“We have known them only as shadows, gazing at us from a ghostly world of black and white. But now the American Civil War can at last be seen as those who lived and died experienced it…in vivid color.”
It was the bloodiest conflict in American history. Maybe because Americans fought on both sides of the brutal conflict. It might have been because it was a deeply personal war, often between brothers. The cause was one that cut deeply in both the hearts and minds of the men fighting. A young nation was being torn apart, and war appeared the only path toward any kind of peace. The passions of that war still ring out today. The Confederate flag has become something of a symbol beyond what it once was intended to represent. It has become a symbol of hatred for some and is quickly disappearing from our nation’s landscape. Stores are now refusing to sell any products that bear its image. Confederate soldiers are finding their memorials being erased and their names expunged from history. We must be careful that we do not expunge the memory of the war each side fought. It’s the curse of history that to forget is to relive. Here’s another chance to remember why and how so many Americans died.
“Using state of the art technology and with unprecedented access to government and private archives, an international team has restored and brought to life more than 500 rare and incredible images. Images which tell the gripping story of North against South, Blue against Grey and brother against brother. It is a story drenched in both blood and glory.”
That’s the angle for this new A&E Home Video release. These restored photographs are also colorized. They serve has the platform to tell the war’s story from the roots of slavery to the legacy of the war today. Many are brutal scenes of death, and the show carries with it a warning that the images are just that. It’s not for everyone. The show uses these photographs along with newly filmed dramatization to bring the war into our living rooms. There is a line of historical experts, celebrities, and surviving ancestors of the men who fought to provide their insight into the various aspects of the war and the people involved.

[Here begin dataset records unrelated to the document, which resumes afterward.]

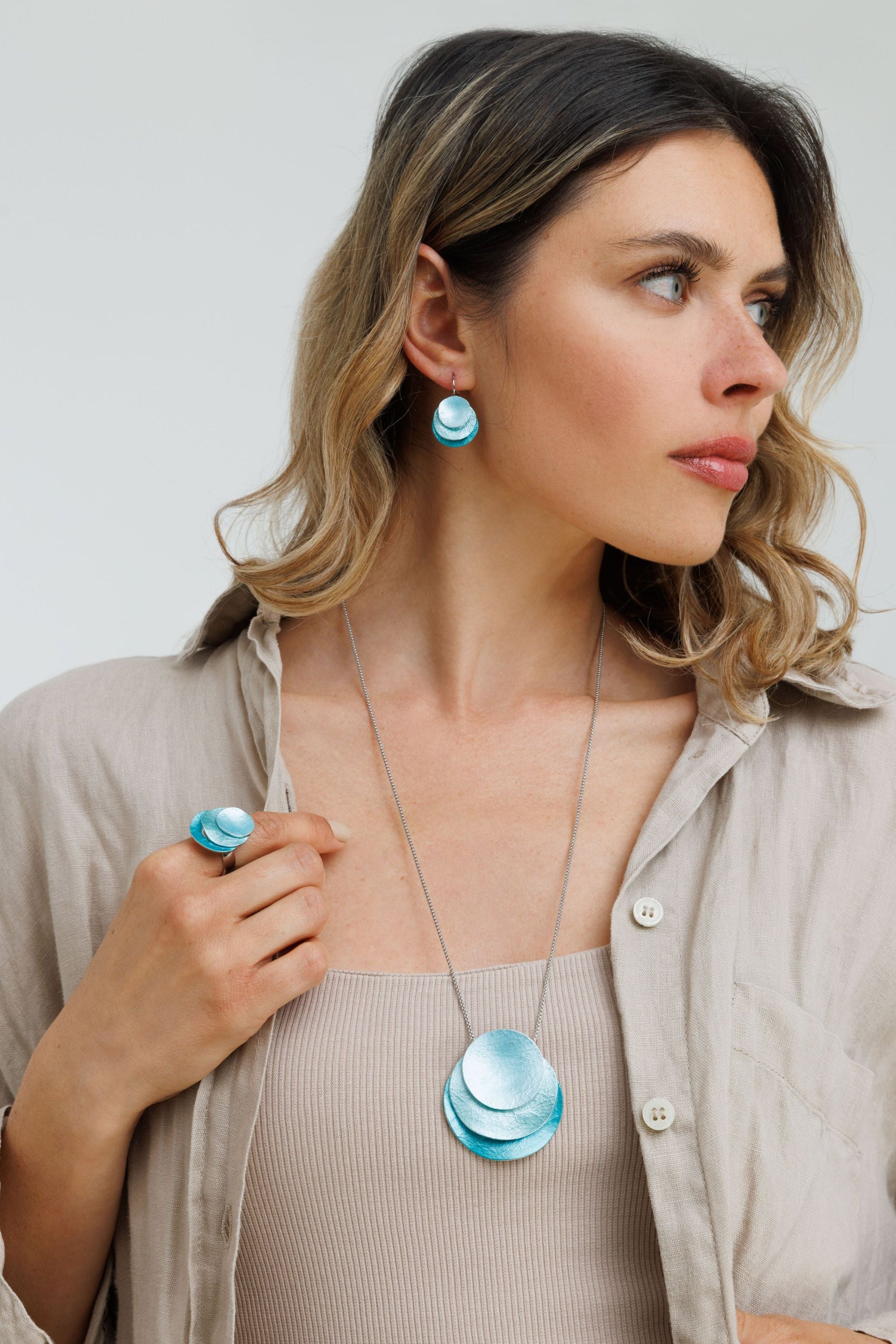 תכשיט זה חלק מקולקציית התכשיטים בגוונים ייחודיים המתקבלים באמצעות צביעה בעבודת יד.
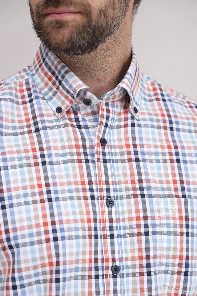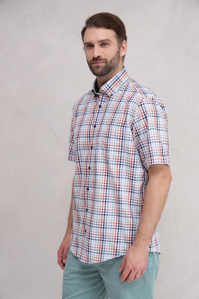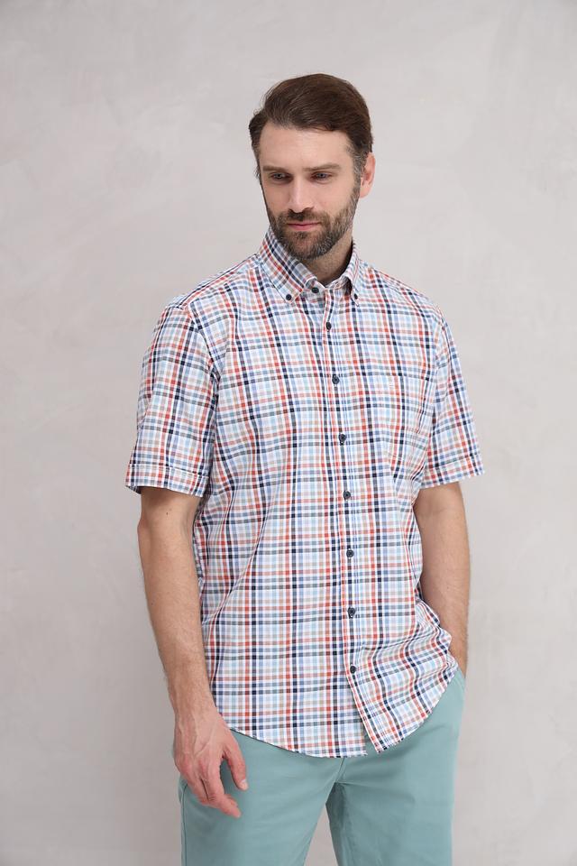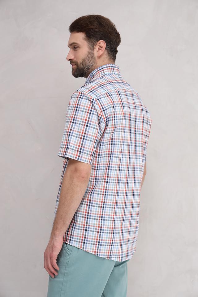 Рубашка имеет классический крой с короткими рукавами и воротником на пуговицах. Особенностью модели является яркий клетчатый принт, сочетающий в себе оттенки голубого, оранжевого и коричневого. Такой рисунок придаёт рубашке свежий и динамичный вид.
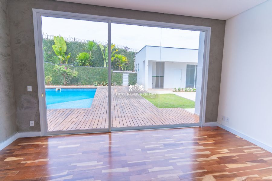 Dormitórios com janelões e vista para a área da piscina; piso em madeira; banheiros com box em vidro temperado e revestimento de parede na área da ducha.
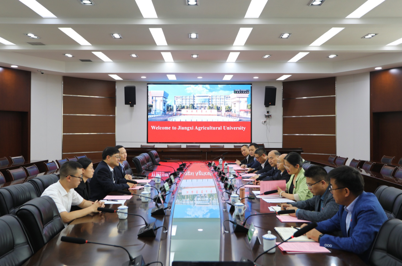 5月24至26日,为进一步推动智慧农业联合实验室合作事宜,泰国朱拉隆功大学行政、战略、学术及研究部副主任Thiti Bovornratanaraks、科学学院化学技术系主任Prasert Reubroycharoen副教授、朱拉隆功大学授权代表吴云云女士一行三人应邀来校开展了为期三天的访问。副校长贺浩华、刘木华会见访问团一行。
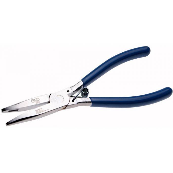 Einsatzbereich Die Polster-Klammer-Zange erleichtert das befestigen von KFZ-Sitzbezügen Anwendung gummierter Griff für einen Rutschfestes Arbeiten Federmechanik hält die Klammer in der Spezialnut der Zange, erleichtert dadurch das Ansetzen und Zusammendrücken der Klammer Technische Daten Griffe - gummiert

The mini-series is split into two discs for the two parts:
The March To War:
This episode begins with the history of slavery in America. It traces the economic dependence and the first traces of conflict over the practice between the North and the South, all leading to the election of Abraham Lincoln and the inevitable secession of Southern states from the Union. The fighting begins with the firing on Fort Sumter, and the war is started in earnest.

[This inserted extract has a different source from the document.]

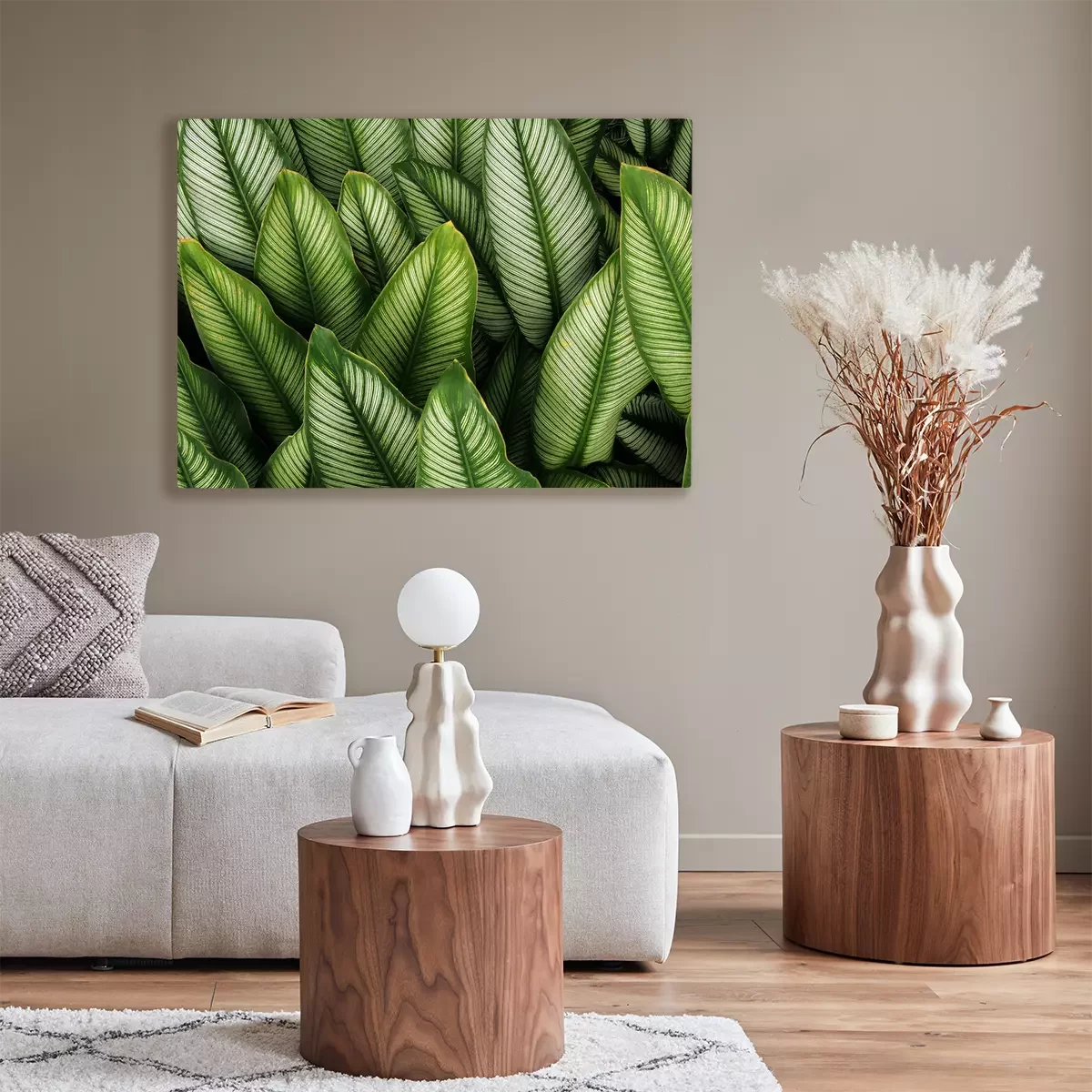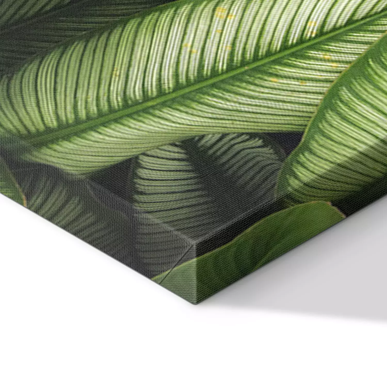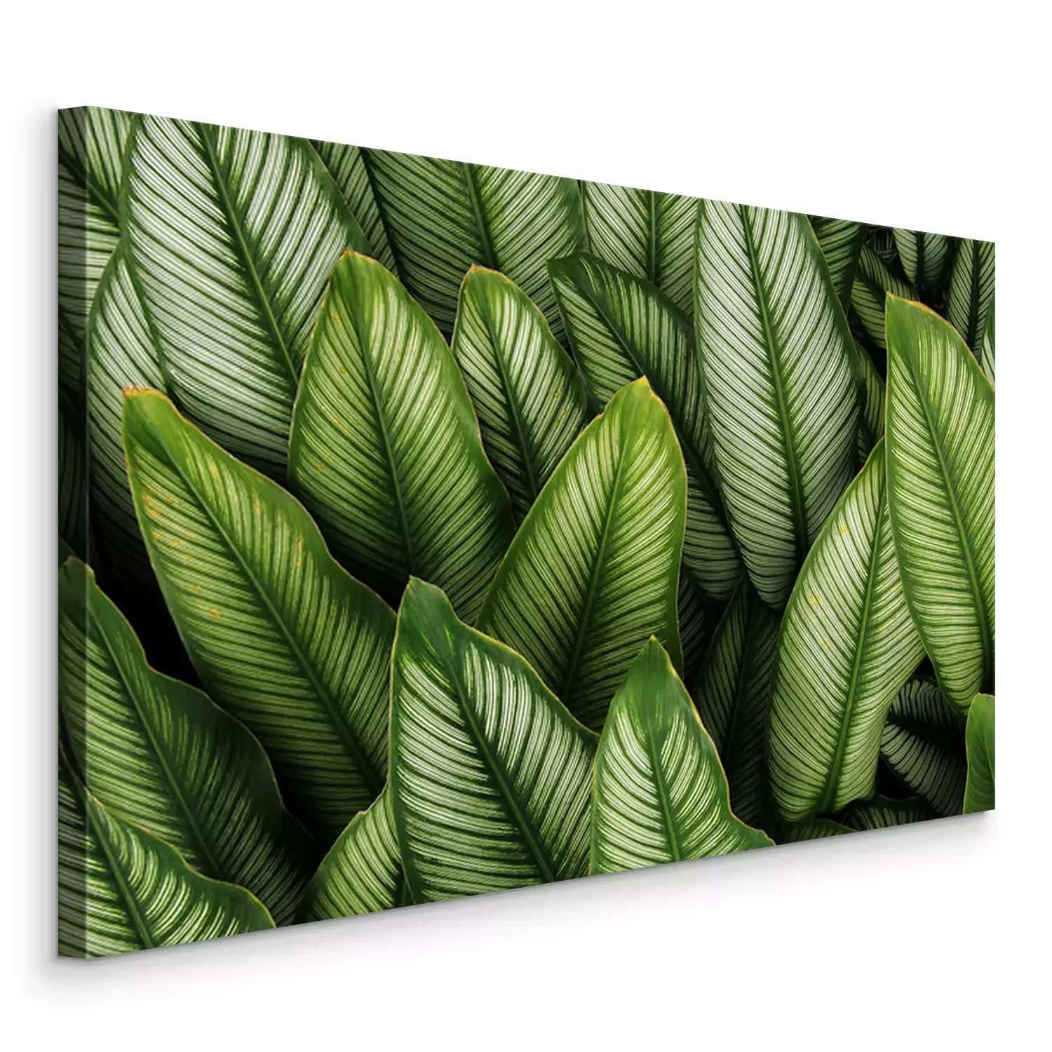 Canvas Het groene blad met witte strepen van majity Calathea, tropische de aard van de gebladerteinstallatie verlaat patroon op donkere achtergrond.

This episode looks at the weapons and resources available to both sides. The episode examines the strategies used and how the North and South differed in their approaches. The evolution of ships from wood to steel and the development of the first sophisticated submarines are explored here.
This final episode picks up with the turning point of the war in Gettysburg. The famous Gettysburg Address is highlighted, and you’ll be pleased to know that, unlike our president, the show’s executives did not delete the “under God” portion of the historical words. The episode deals with the medicine that existed during the war and gives us a grisly look at the piles of removed limbs that often plagued the “lucky” survivors. The war was the birth of the first MASH units, although they weren’t called that then.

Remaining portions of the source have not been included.